SUMMARY OF THE CASES
A confidentiality agreement (“CA”) is typically the first negotiated document in a purchase transaction. These agreements are often negotiated by junior members of the transaction team prior to one (or both) parties engaging outside legal counsel. CAs set the stage for a transaction and, as recent cases have shown, can define the playing field in the event that a deal falls apart. Three cases decided in the last 70 days highlight the significant effect a CA can have after the parties have decided not to pursue a transaction.
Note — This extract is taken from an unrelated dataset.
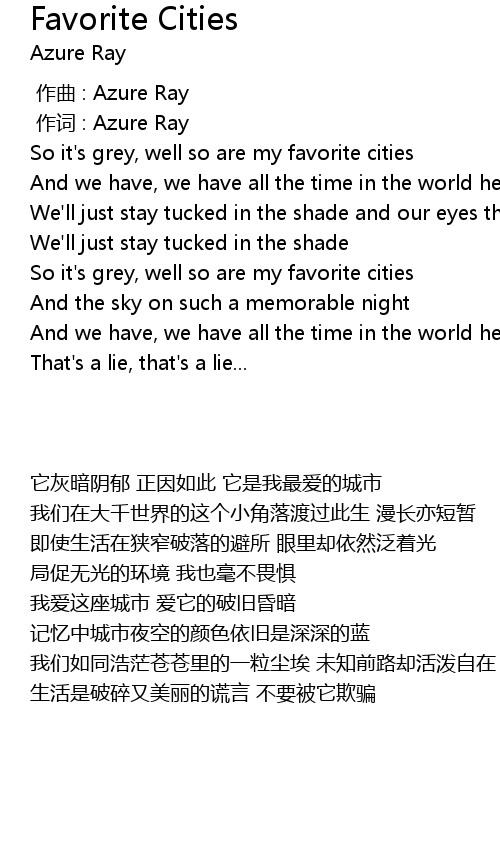 | [00:26.93] | So it's grey, well so are my favorite cities |

On May 4, 2012, the Delaware Court of Chancery issued an opinion in Martin Marietta Materials, Inc. v. Vulcan Materials Co. enjoining Martin Marietta’s hostile takeover attempt of Vulcan for four months. The decision was affirmed by the Delaware Supreme Court on July 10, 2012. Martin Marietta and Vulcan signed two CAs in connection with discussions regarding a possible merger. While neither of the CAs included an express standstill, the court found that the definition of transaction and the CAs’ restrictions on the use and disclosure of confidential information effectively prevented Martin Marietta from using the confidential information it received from Vulcan in a hostile takeover. In addition, the court found that Martin Marietta breached its non-disclosure obligations in the CAs by disclosing some of Vulcan’s information and information regarding the transaction discussions in Martin Marietta’s SEC filings and that such disclosure was not permitted by the CAs’ exceptions for “legal requirements ” Thus, in certain situations where a party may not even use the confidential information about a target, a subsequent event which requires comprehensive disclosure may require a party to disclose references to discussions regarding the potential transaction and cause the disclosing party to potentially be in breach of the CA.